Army Worms Infest Local Plantation
GRAND JUNCTION, Tenn. - In the past few weeks, most of West Tennessee finally got some much needed rain, which is good for area crops, but can actually be bad for them too. Sometimes more rain can bring more bugs.
The rain causes the grass to become greener and more lush, and that can invite army worms.
They are here about two weeks earlier this year, because of the warmer weather.
Jamie Evans works and lives on Ames Plantation, and army worms are the last thing he wants on their field.
"You don't have a great deal of time once they find you until the damage is done, so we're out taking care of that with some spray," Evans said.
Evans said the worms prefer forage crops, but could eat soybeans and other vegetable crops too. They favor Bermuda Grass and certain millets - both crops he uses to feed the plantation's livestock.
"The army worm has the potential to completely defoliate a field if their numbers are great enough, and in this case, our numbers were far above the economic threshold for spraying," he said.

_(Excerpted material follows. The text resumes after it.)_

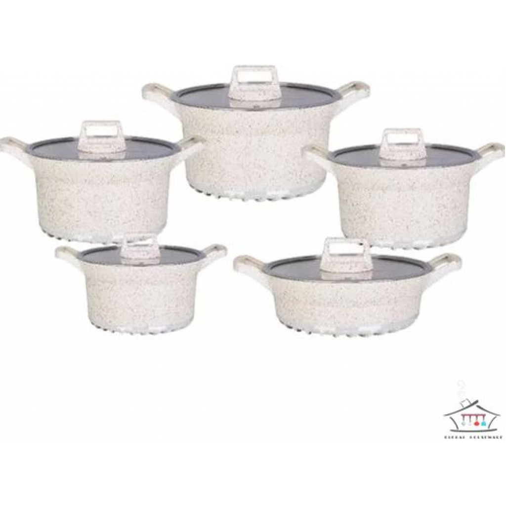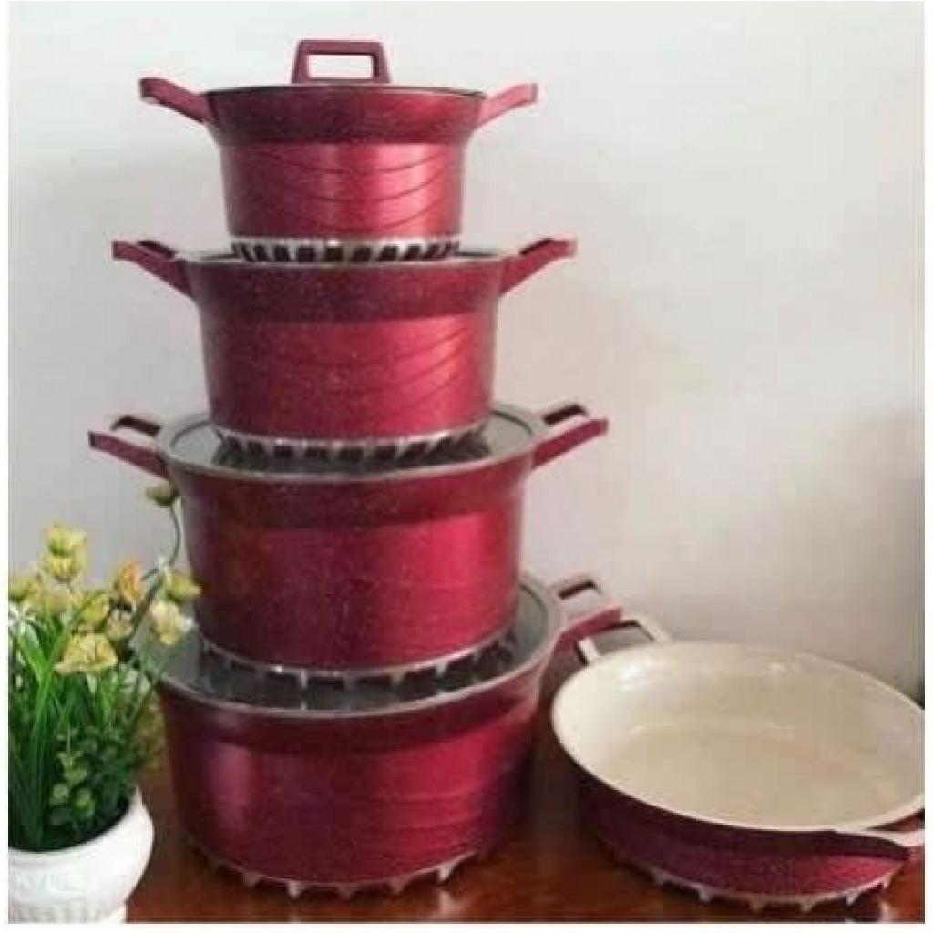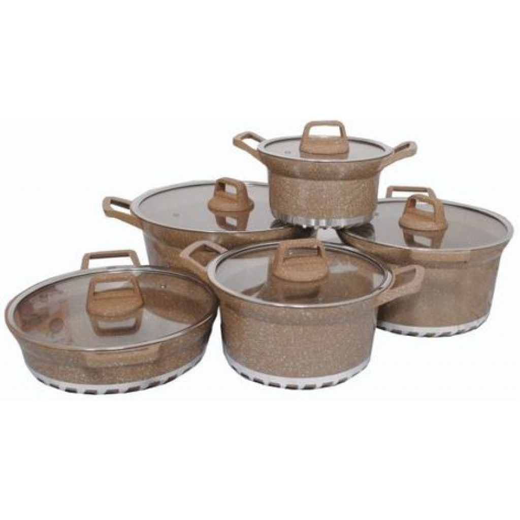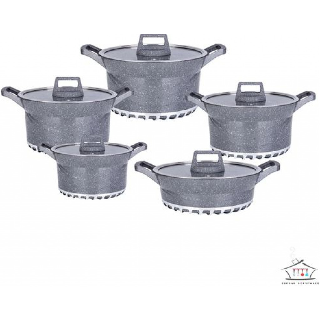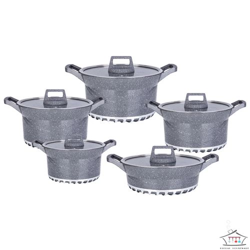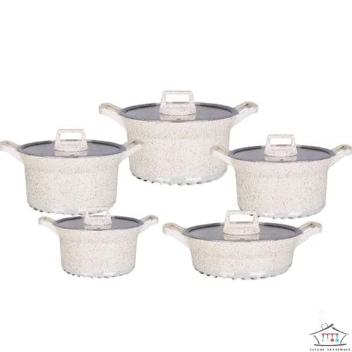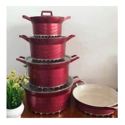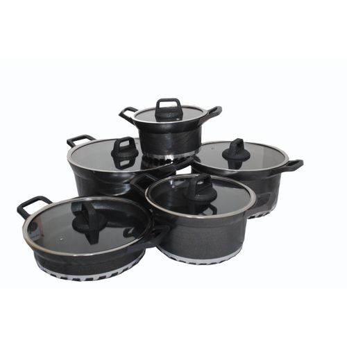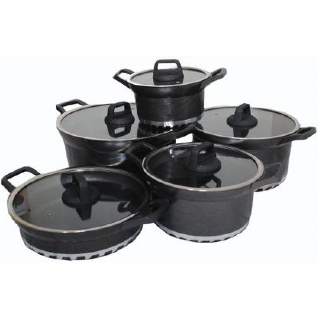 Key Features: 10 Piece Soup Pots Premium Die-Cast Aluminium Body Oven safe, Dishwasher safe, PFOA FREE Durable Non-Stick Coating Sturdy Tempered Glass Lids with Steam Vent Moulded Side Handles

The worms may be small, but farmers said they can cause a lot of damage, and quickly.
"I estimate that had we not treated this field, in 10 days to two weeks probably over half of the vegetation here would've been consumed," Evans said.
And that is a lot of money they would lose.
Army worms do not just impact farmers, but homeowners too. Especially those with Bermuda Grass in their lawns.
"They don't care whether it's a lawn in Jackson, Tennessee or a Bermuda field down in Fayette County," Evans said. "They're not discriminatory in the least, and they will eat a lawn as well."
Evans said you cannot always prevent the worms, but it is best to be vigilant and monitor your crops and plants often.
According to Evans, usually one treatment is all you need to get rid of the worms, but it is smart to still check out your crops or lawn every few days to make sure the worms do not come back.